◆ DIRECTIONS FOR THIS TASK: Set down a true copy of the data, with all pictures left out.

Records from a data collection:
* * * * * * * * *

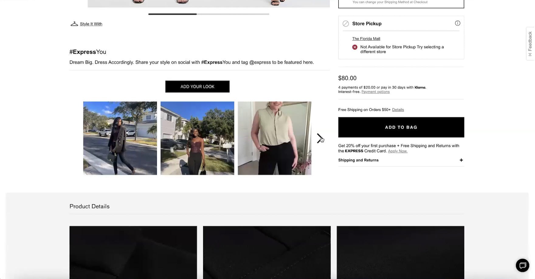 “Ok, that’s how it would fit. I like that these pictures are showing it on individuals of different sizes.” This participant at Express found the social media carousel particularly useful for visualizing the product across various body types, increasing her confidence that the pants would fit her too.
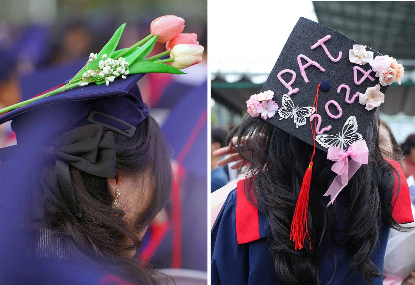 Đặc biệt, một trong những điểm nhấn của chương trình còn đến từ những chiếc mũ “có một không hai” của các sinh viên. Những chiếc mũ sặc sỡ, được trang trí cầu kỳ với hoa giả, ruy băng… xuất hiện khắp sân vận động, thể hiện sự sáng tạo của bạn trẻ trong ngày lễ tốt nghiệp này.
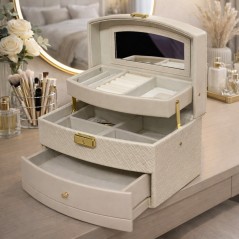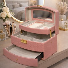 Apportez une touche d’élégance et d’organisation à votre espace beauté avec ce coffret à bijoux haut de gamme couleur vert sauge. Son design raffiné, ses finitions dorées et son intérieur en velours doux en font un accessoire indispensable pour ranger et protéger vos bijoux avec style. Grâce à son miroir intégré, ses compartiments modulables et ses tiroirs spacieux, ce coffret permet de garder tous vos bijoux bien visibles, accessibles et parfaitement protégés.
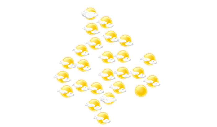 In Florida gibt es am Morgen strahlenden Sonnenschein und die Temperatur liegt bei 21°C. Des Weiteren ist am Nachmittag und am Abend der Himmel bedeckt, die Sonne ist nicht zu sehen bei Temperaturen von 23 bis 29°C. In der Nacht ist es bewölkt, die Sterne sind nur vereinzelt zu sehen und die Werte gehen auf 20°C zurück.
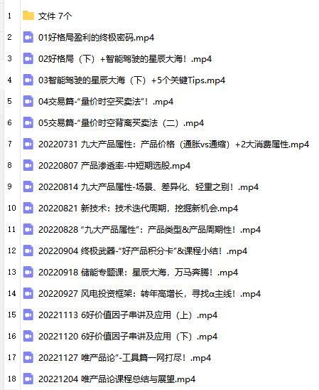 最后更新时间: 2022/12/14 11:32:57 更新到:20221204 唯产品论课程总结与展望.mp4 265.94M
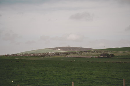 Orkney (Scotland), UK - August 07, 2018: The country landscape in the middle of Orkney's island, Scotland, Highlands, United Kingdom
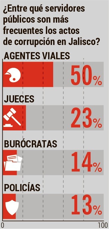 “La multa por no traer placa es de siete mil pesos”, le dijo un policía vial a Ricardo González, con la intención de extorsionarlo durante un “operativo” en Libertad y Chapultepec.El conductor aclaró que contaba con una denuncia por el robo de la lámina, pero el agente vial desacreditó el documento y lo amenazó con llevarse el auto al corralón. Como no tenía dinero para la “mordida”, le recomendó ir al cajero mientras custodiaba su auto.Ricardo necesitaba su vehículo para trabajar. Fue al banco y le dio 500 pesos al policía vial, quien le entregó “un código” para que nadie lo volviera a molestar.Mientras las encuestas del Inegi revelan que la Policía Vial y los jueces han competido históricamente por el primer lugar como la autoridad más corrupta, de acuerdo con una encuesta de esta casa editorial con dos mil 392 internautas, la mitad señaló a los policías viales como los más corruptos.Recientemente, la Fiscalía Anticorrupción de Jalisco vinculó a dos agentes viales, Gabriela “N” y Ariel “N”, por exigirle tres mil 500 pesos a una conductora que detuvieron en Enrique Díaz de León porque no tenía el comprobante de la verificación, cuando las multas iniciarán hasta enero próximo. Como no tenía dinero en efectivo, le indicaron que fuera a retirarlo en una tienda de conveniencia, pero no pudo. Por eso los agentes se molestaron y le pusieron una infracción, pero ella denunció.Juan Carlos Lucano cuenta que se descompuso su camioneta, pidió una grúa y llegó con el agente vial, quien muy amablemente le hizo saber la “cuota” que debía dar; de lo contrario, la grúa no lo levantaría. Por eso le hizo el favor de llevarlo a una sucursal bancaria para disponer de efectivo.La Fiscalía Anticorrupción del Estado investiga a 130 policías viales, tras las denuncias de afectados.En el cruce de Niño Obrero y Juan Diego, en Zapopan, hay un espacio en blanco que es aprovechado por la ciudadanía para estacionarse. Ahí se quedó Lorenzo Vargas en días pasados, pues no había línea amarilla que lo prohibiera. Tras una hora regresó y su auto ya no estaba. “Me dijeron que la Policía Vial se lo llevó en grúa. En el punto hay un señalamiento vertical que prohíbe estacionarse, pero está cubierto por ramas (además, está despintado)”. Pagó tres mil 800 pesos por la grúa, 400 por el corralón y 48 por la multa. “No tienen por qué recoger el vehículo pudiendo dejar el folio. Les pedí que pintaran la línea de amarillo, pero me contestaron que no era su problema, que era cosa del Ayuntamiento”, lamentó.
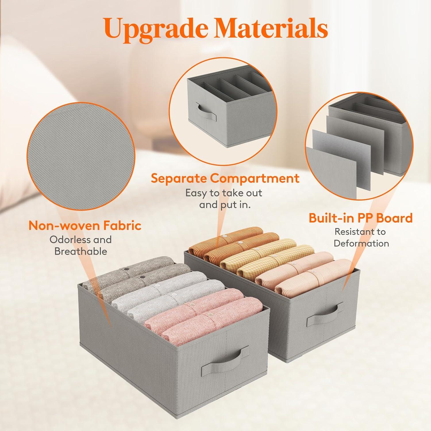 Lifewit 3 Pack Clothes Organizer, 6 Grids Closet Jean Storage Bins with Handles and Support Boards, Foldable Drawer Organizer for Sweater, Pants, T-shirt, Dress, Grey, Size 16.5”x10.6”x7.1”(4)
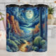Diese mystische Abbildung zeigt einen kurvenreichen Sandweg, der durch eine Wüstenlandschaft mit verschiedenen Kakteen und Wüstenlandschaften führt. Hochwertige Felsformationen erheben sich auf beiden Seiten unter einem dramatischen Nachthimmel mit Vollmond, hell inmitten von wirbelnden Wolken und zahlreichen Sternen.
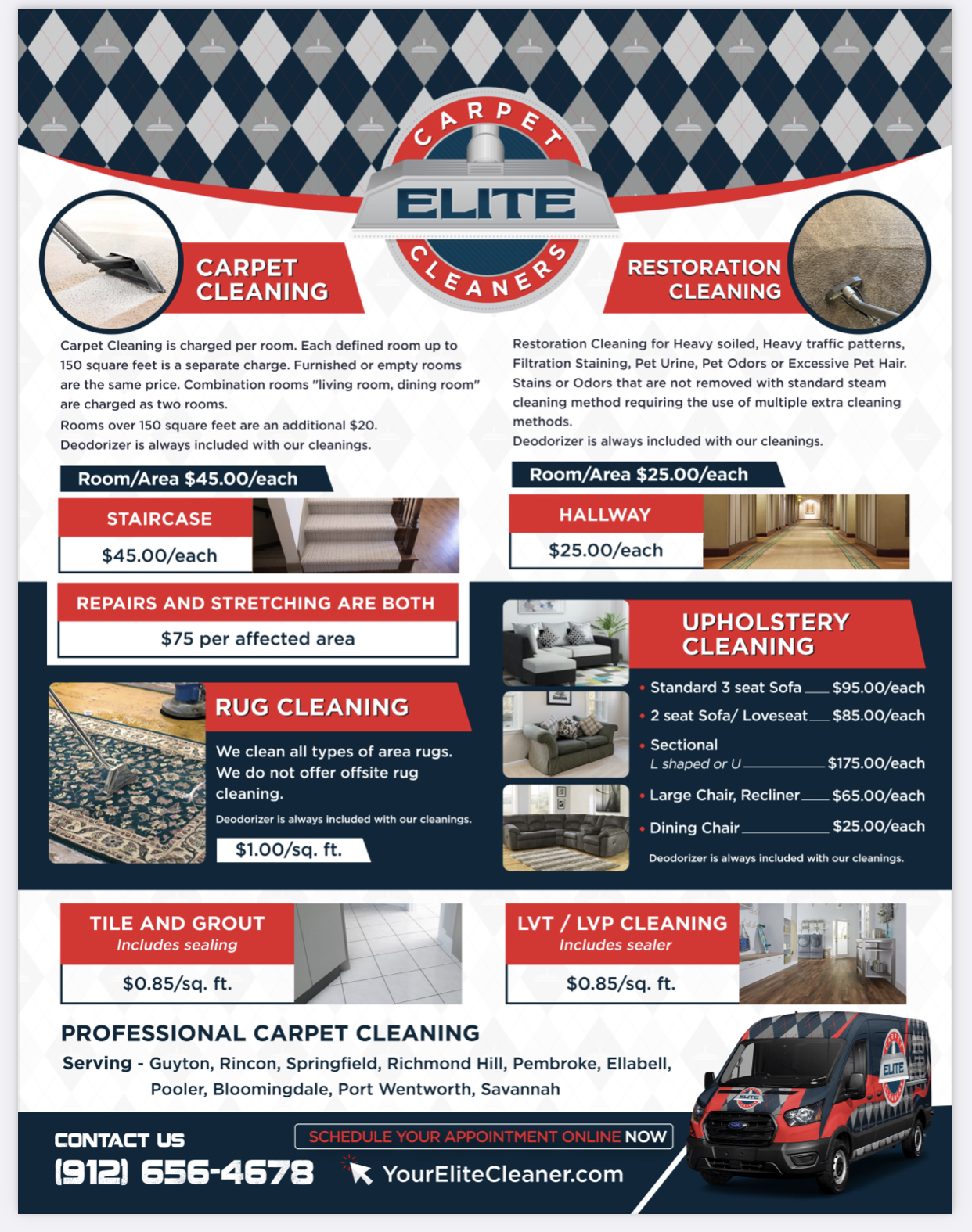What do you guys in the south charge for about 120 Sq ft of carpet, liner foot of furniture, Sq ft for rugs and per stair?
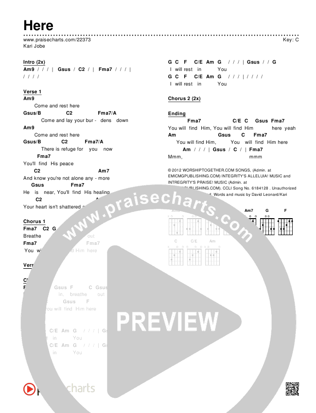 Download the PDF Chord Charts for Here by Kari Jobe, from the album Where I Find You. This song was arranged by Joel Mott / Brad Henderson in the key of C, D.
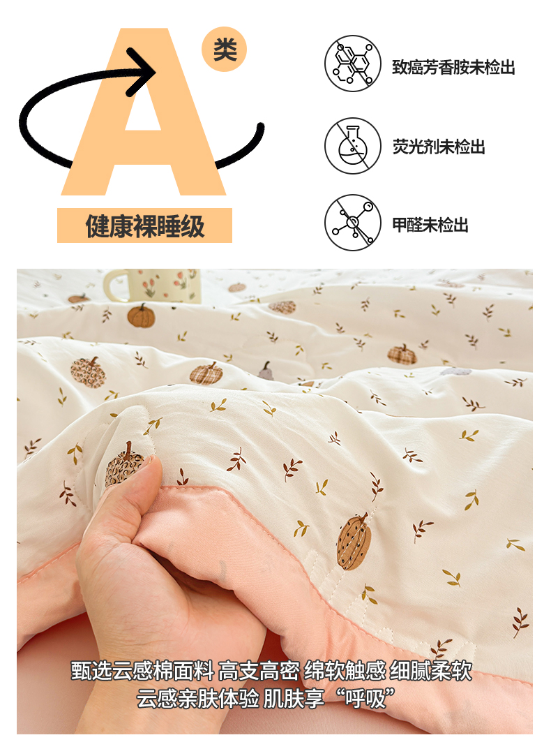 商品名称:西域种棉人·千百笠 2026新款A类印花手包边凌香新疆棉花夏被 凌香 心怡南瓜
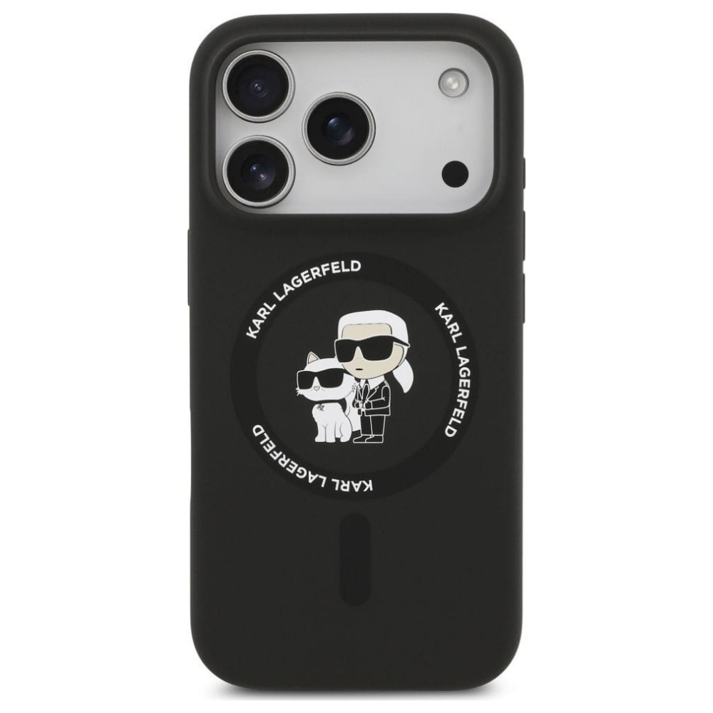 Оригинален калъф / гръб / Karl Lagerfeld Silicone Double Heads And Circle с безжично зареждане MagSafe кейс за Apple iPhone 17 Pro (6.3) - черен

* * * * * * * * *

◆ SOLUTION FOR THIS PROBLEM:
 “Ok, that’s how it would fit. I like that these pictures are showing it on individuals of different sizes.” This participant at Express found the social media carousel particularly useful for visualizing the product across various body types, increasing her confidence that the pants would fit her too.
 Đặc biệt, một trong những điểm nhấn của chương trình còn đến từ những chiếc mũ “có một không hai” của các sinh viên. Những chiếc mũ sặc sỡ, được trang trí cầu kỳ với hoa giả, ruy băng… xuất hiện khắp sân vận động, thể hiện sự sáng tạo của bạn trẻ trong ngày lễ tốt nghiệp này.
 Apportez une touche d’élégance et d’organisation à votre espace beauté avec ce coffret à bijoux haut de gamme couleur vert sauge. Son design raffiné, ses finitions dorées et son intérieur en velours doux en font un accessoire indispensable pour ranger et protéger vos bijoux avec style. Grâce à son miroir intégré, ses compartiments modulables et ses tiroirs spacieux, ce coffret permet de garder tous vos bijoux bien visibles, accessibles et parfaitement protégés.
 In Florida gibt es am Morgen strahlenden Sonnenschein und die Temperatur liegt bei 21°C. Des Weiteren ist am Nachmittag und am Abend der Himmel bedeckt, die Sonne ist nicht zu sehen bei Temperaturen von 23 bis 29°C. In der Nacht ist es bewölkt, die Sterne sind nur vereinzelt zu sehen und die Werte gehen auf 20°C zurück.
 最后更新时间: 2022/12/14 11:32:57 更新到:20221204 唯产品论课程总结与展望.mp4 265.94M
 Orkney (Scotland), UK - August 07, 2018: The country landscape in the middle of Orkney's island, Scotland, Highlands, United Kingdom
 “La multa por no traer placa es de siete mil pesos”, le dijo un policía vial a Ricardo González, con la intención de extorsionarlo durante un “operativo” en Libertad y Chapultepec.El conductor aclaró que contaba con una denuncia por el robo de la lámina, pero el agente vial desacreditó el documento y lo amenazó con llevarse el auto al corralón. Como no tenía dinero para la “mordida”, le recomendó ir al cajero mientras custodiaba su auto.Ricardo necesitaba su vehículo para trabajar. Fue al banco y le dio 500 pesos al policía vial, quien le entregó “un código” para que nadie lo volviera a molestar.Mientras las encuestas del Inegi revelan que la Policía Vial y los jueces han competido históricamente por el primer lugar como la autoridad más corrupta, de acuerdo con una encuesta de esta casa editorial con dos mil 392 internautas, la mitad señaló a los policías viales como los más corruptos.Recientemente, la Fiscalía Anticorrupción de Jalisco vinculó a dos agentes viales, Gabriela “N” y Ariel “N”, por exigirle tres mil 500 pesos a una conductora que detuvieron en Enrique Díaz de León porque no tenía el comprobante de la verificación, cuando las multas iniciarán hasta enero próximo. Como no tenía dinero en efectivo, le indicaron que fuera a retirarlo en una tienda de conveniencia, pero no pudo. Por eso los agentes se molestaron y le pusieron una infracción, pero ella denunció.Juan Carlos Lucano cuenta que se descompuso su camioneta, pidió una grúa y llegó con el agente vial, quien muy amablemente le hizo saber la “cuota” que debía dar; de lo contrario, la grúa no lo levantaría. Por eso le hizo el favor de llevarlo a una sucursal bancaria para disponer de efectivo.La Fiscalía Anticorrupción del Estado investiga a 130 policías viales, tras las denuncias de afectados.En el cruce de Niño Obrero y Juan Diego, en Zapopan, hay un espacio en blanco que es aprovechado por la ciudadanía para estacionarse. Ahí se quedó Lorenzo Vargas en días pasados, pues no había línea amarilla que lo prohibiera. Tras una hora regresó y su auto ya no estaba. “Me dijeron que la Policía Vial se lo llevó en grúa. En el punto hay un señalamiento vertical que prohíbe estacionarse, pero está cubierto por ramas (además, está despintado)”. Pagó tres mil 800 pesos por la grúa, 400 por el corralón y 48 por la multa. “No tienen por qué recoger el vehículo pudiendo dejar el folio. Les pedí que pintaran la línea de amarillo, pero me contestaron que no era su problema, que era cosa del Ayuntamiento”, lamentó.
 Lifewit 3 Pack Clothes Organizer, 6 Grids Closet Jean Storage Bins with Handles and Support Boards, Foldable Drawer Organizer for Sweater, Pants, T-shirt, Dress, Grey, Size 16.5”x10.6”x7.1”(4)
Diese mystische Abbildung zeigt einen kurvenreichen Sandweg, der durch eine Wüstenlandschaft mit verschiedenen Kakteen und Wüstenlandschaften führt. Hochwertige Felsformationen erheben sich auf beiden Seiten unter einem dramatischen Nachthimmel mit Vollmond, hell inmitten von wirbelnden Wolken und zahlreichen Sternen.
What do you guys in the south charge for about 120 Sq ft of carpet, liner foot of furniture, Sq ft for rugs and per stair?
 Download the PDF Chord Charts for Here by Kari Jobe, from the album Where I Find You. This song was arranged by Joel Mott / Brad Henderson in the key of C, D.
 商品名称:西域种棉人·千百笠 2026新款A类印花手包边凌香新疆棉花夏被 凌香 心怡南瓜
 Оригинален калъф / гръб / Karl Lagerfeld Silicone Double Heads And Circle с безжично зареждане MagSafe кейс за Apple iPhone 17 Pro (6.3) - черен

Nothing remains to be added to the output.